Location
- Country: Poland

Physical characteristics
- • location: in Niepołomice, Lesser Poland Voivodeship
- • location: near Świniary, Lesser Poland Voivodeship
- • coordinates: 50°08′01″N 20°29′38″E﻿ / ﻿50.133554°N 20.493850°E
- • elevation: 177.9 m (584 ft) AMSL
- Length: 31.05 km (19.29 mi)

Basin features
- Progression: Vistula→ Baltic Sea

= Drwinka =

Drwinka is a river, the right bank tributary of the Vistula with a length of 31.05 km (19 mi).

Drwinka flows in the Wieliczka and Bochnia Counties of Lesser Poland Voivodeship from sources near Niepołomice to the mouth in Świniary, 133.5 km (83 mi) into the Vistula River. Among its tributaries are streams and ditches from Niepołomice Forest, Wilczy Forest and from near Gawłówek.
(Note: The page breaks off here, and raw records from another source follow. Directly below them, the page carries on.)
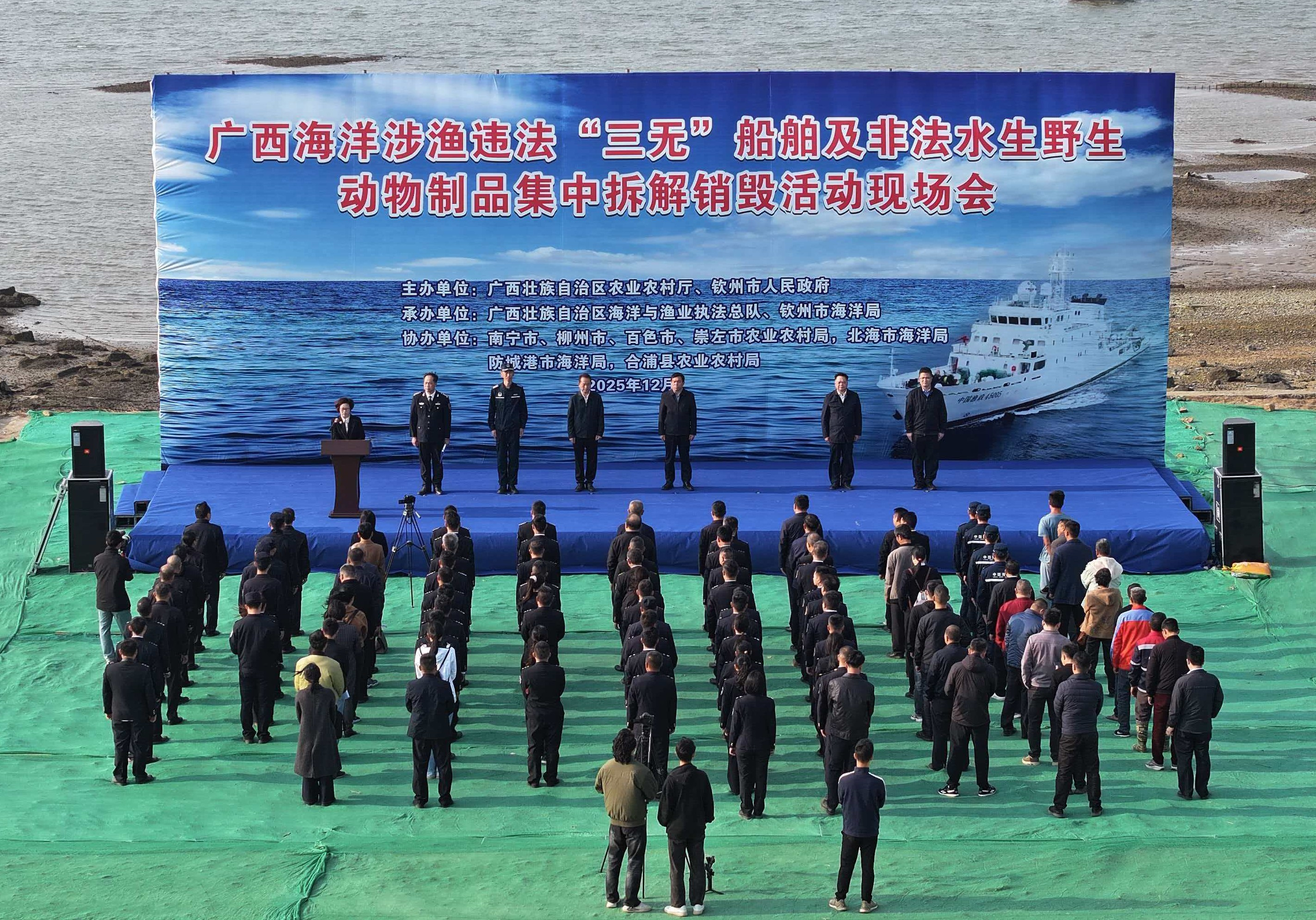 此次活动由广西壮族自治区农业农村厅、钦州市人民政府联合主办,广西壮族自治区海洋与渔业执法总队、钦州市海洋局共同承办。这次活动既是深化涉海涉渔综合管控的生动实践,也是渔业部门协同各级各单位坚决清理取缔涉渔违法“三无”船舶、严厉打击非法捕捞、非法交易信心与决心的集中彰显。
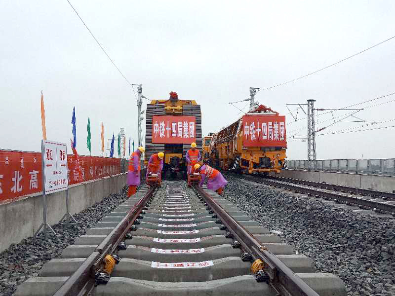 5月22日,随着中国铁建所属中铁十四局的CPG500型铺轨机把最后一组500米长钢轨安全平稳地铺设到轨枕上,内蒙古自治区连接东北地区的首条高铁——辽宁新民北至内蒙古通辽高铁全线铺轨完成,与在建的京沈高铁正式“牵手”,为全线开通运营奠定了基础。
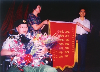抗洪英雄嵇琪的妈妈正向陈立钻(右)赠送锦旗,感谢他多年的关怀
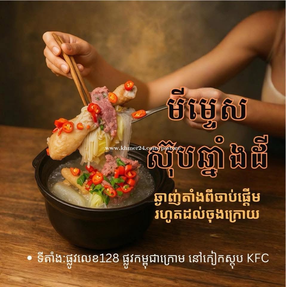 Location: 📍ទីតាំងធ្វើការនៅ ភ្នំពេញ ផ្លូវលេខ128 កម្ពុជាក្រោម នៅជិតស្តុប KFC. 📍ចូល Google Maps វៃឈ្មោះ មីម្ទេសស៊ុបឆ្នាំងដីសាខាទី៣. Tuek L'ak Pir, Tuol Kouk, Phnom Penh
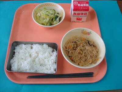 ↑ 今日の給食は、ごはん、牛乳、肉じゃが、酢みそあえでした。
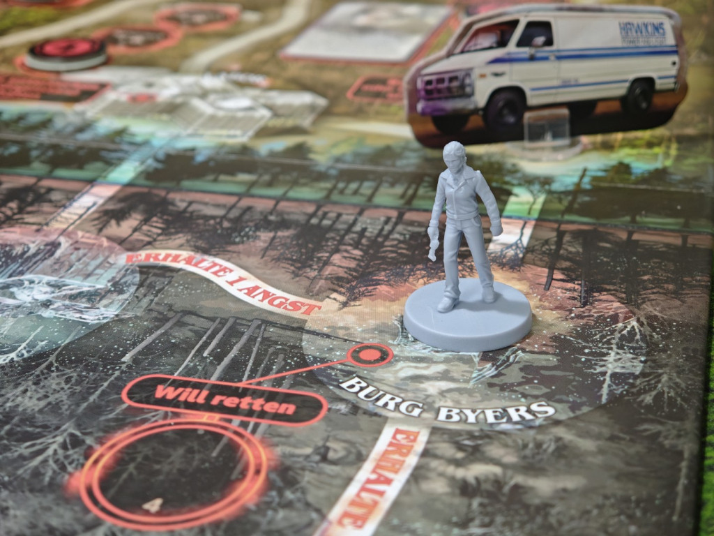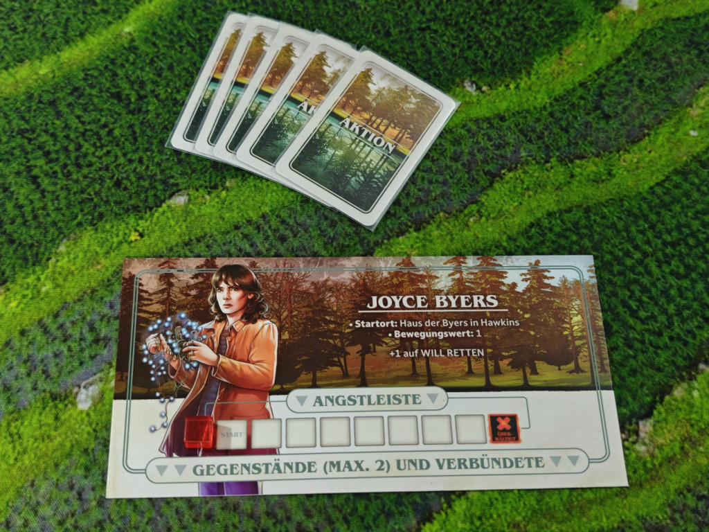 Zuletzt wählen die Spieler jeweils einen Charakter. Man hat die Wahl zwischen den Kids Lucas Sinclair, Mike Wheeler, Dustin Henderson und Nancy Wheeler sowie den Erwachsenen der Serie Jim Hopper und Joyce Byers mit jeweils einzigartigen Sonderfähigkeiten. Hat man sich entschieden, nimmt man sich die Miniatur und das Tableau des entsprechenden Charakters. Auf das Tableau wird ein Angstmarker auf das Startfeld der Angstleiste platziert. Das sind quasi die „Lebenspunkte“, denn erreicht der Angstmarker das letzte Feld, ist ein Charakter hinüber. Die Miniatur wird auf den Spielplan gestellt: Jeder Charakter startet auf einem anderen Ort des Spielplans, wie auf dem Charaktertableau angegeben. Zuletzt wird die Elfi-Miniatur auf das erste Feld der Ereignisleiste des Spielplans platziert. Sie hat nur drei Felder.
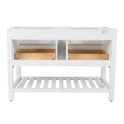 Add the perfect finishing touch to any bathroom with the single sink Everett Console Vanity. Featuring two soft-close drawers and a long slatted shelf underneath, this console bathroom vanity has enough space to fit all your towels and toiletries. Brushed nickel pull-style handles add an elegant finish to this gorgeous white vanity. Made of solid birch and oak with your choice of counter, the Everett Vanity is the perfect addition to your bathroom. Complete the look with an LED mirror and your choice of bathroom sink faucet.

The southeastern part of its catchment basin is situated in the sandy area of the Vistula valley, filled mainly with quaternary river sediments covered with loess and sandstones of a dozen or so feet. Here the river passes through the Niepołomice Forest, dividing it into two different flora complexes.

The overall quality assessment of the Drwinka river waters at its estuary in physico-chemical, hydrobiological and bacteriological terms corresponds to Class I or Class II standards. Water in Drwinka does not show signs of eutrophication.